Exercise:
Everything from the line with "Mercury Material Safety" to the line with "4月9日08時(shí)至1" in the listing below, both lines included, needs to be copied exactly, apart from the pictures.

Input data:
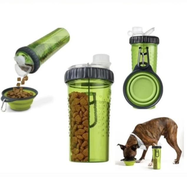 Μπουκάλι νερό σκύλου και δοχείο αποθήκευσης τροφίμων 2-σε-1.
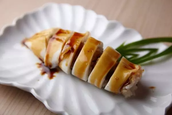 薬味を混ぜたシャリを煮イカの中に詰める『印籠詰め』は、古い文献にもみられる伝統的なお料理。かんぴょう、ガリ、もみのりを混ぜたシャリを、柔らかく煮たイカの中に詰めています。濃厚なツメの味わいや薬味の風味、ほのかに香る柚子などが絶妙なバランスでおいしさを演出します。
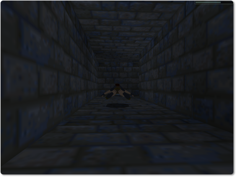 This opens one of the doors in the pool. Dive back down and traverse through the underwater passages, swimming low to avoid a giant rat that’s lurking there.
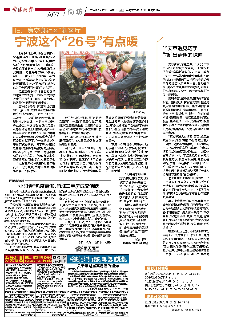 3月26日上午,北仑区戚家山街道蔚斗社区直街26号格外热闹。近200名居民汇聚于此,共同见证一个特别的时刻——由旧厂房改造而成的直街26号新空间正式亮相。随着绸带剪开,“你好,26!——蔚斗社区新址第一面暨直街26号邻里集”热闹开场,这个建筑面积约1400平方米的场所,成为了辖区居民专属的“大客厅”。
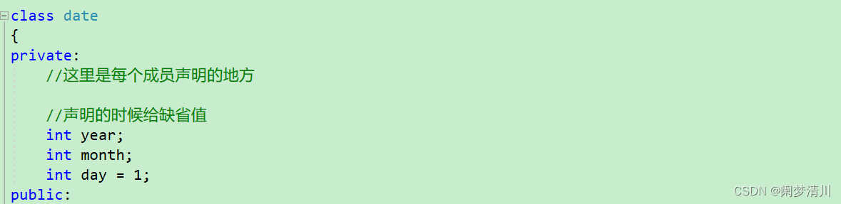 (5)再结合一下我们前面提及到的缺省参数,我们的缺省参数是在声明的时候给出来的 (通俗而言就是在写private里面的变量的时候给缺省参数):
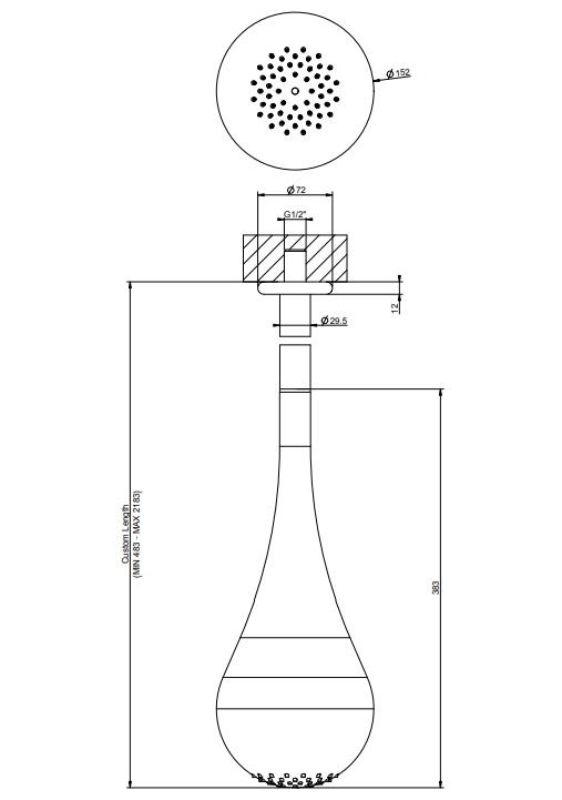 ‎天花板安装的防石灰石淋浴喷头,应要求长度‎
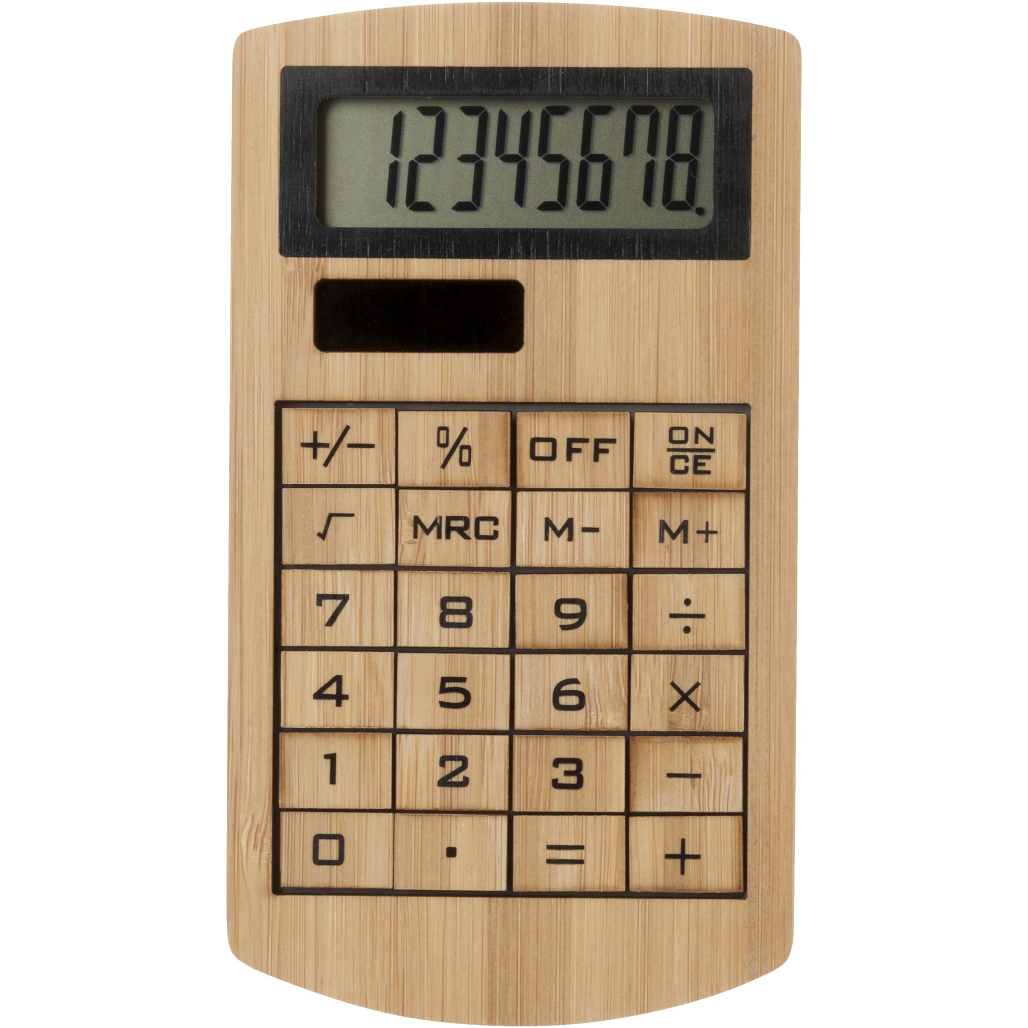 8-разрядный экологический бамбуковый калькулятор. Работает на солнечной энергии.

* * *

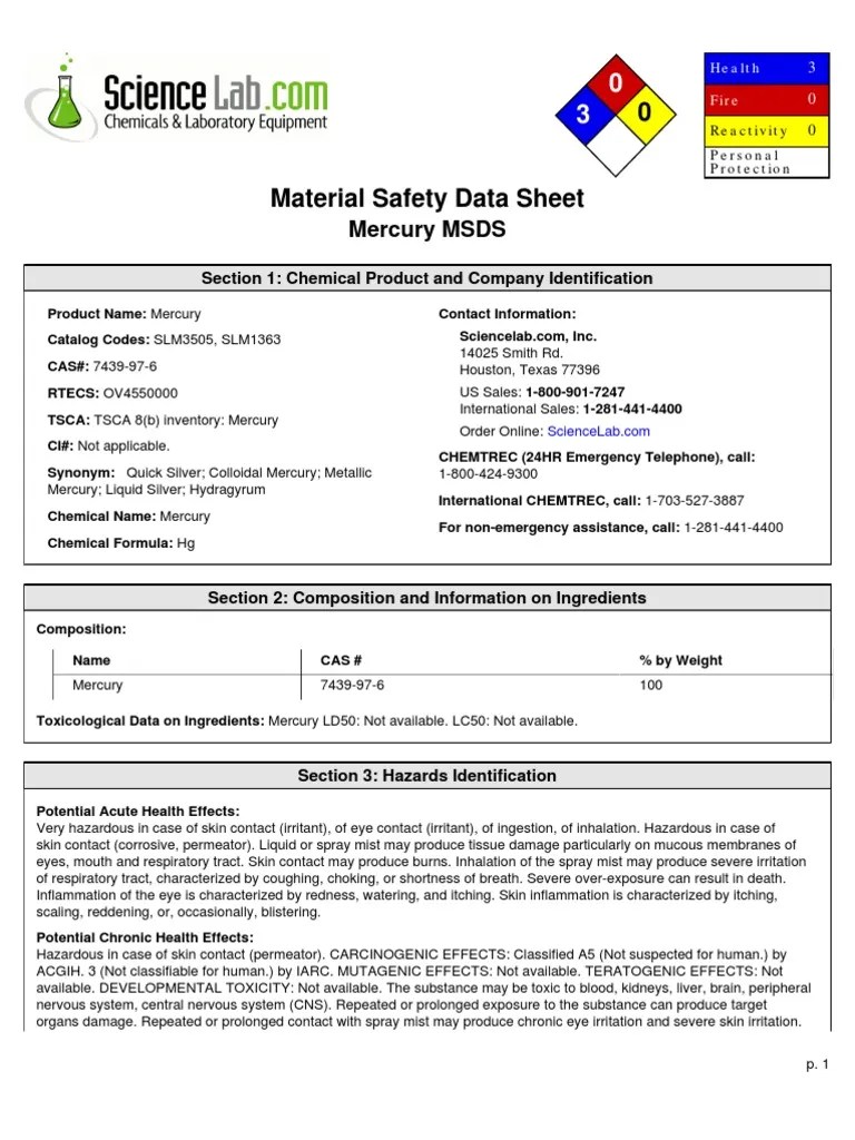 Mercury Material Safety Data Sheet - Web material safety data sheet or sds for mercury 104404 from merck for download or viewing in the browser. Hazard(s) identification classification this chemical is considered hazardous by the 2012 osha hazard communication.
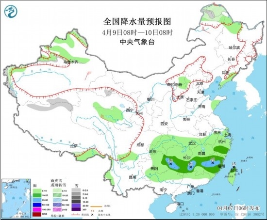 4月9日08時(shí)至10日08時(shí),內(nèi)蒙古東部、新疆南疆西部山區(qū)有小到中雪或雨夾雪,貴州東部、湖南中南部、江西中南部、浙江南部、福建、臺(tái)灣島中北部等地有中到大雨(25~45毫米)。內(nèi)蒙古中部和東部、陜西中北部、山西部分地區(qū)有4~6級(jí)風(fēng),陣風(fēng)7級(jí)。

Completed task:
 Mercury Material Safety Data Sheet - Web material safety data sheet or sds for mercury 104404 from merck for download or viewing in the browser. Hazard(s) identification classification this chemical is considered hazardous by the 2012 osha hazard communication.
 4月9日08時(shí)至10日08時(shí),內(nèi)蒙古東部、新疆南疆西部山區(qū)有小到中雪或雨夾雪,貴州東部、湖南中南部、江西中南部、浙江南部、福建、臺(tái)灣島中北部等地有中到大雨(25~45毫米)。內(nèi)蒙古中部和東部、陜西中北部、山西部分地區(qū)有4~6級(jí)風(fēng),陣風(fēng)7級(jí)。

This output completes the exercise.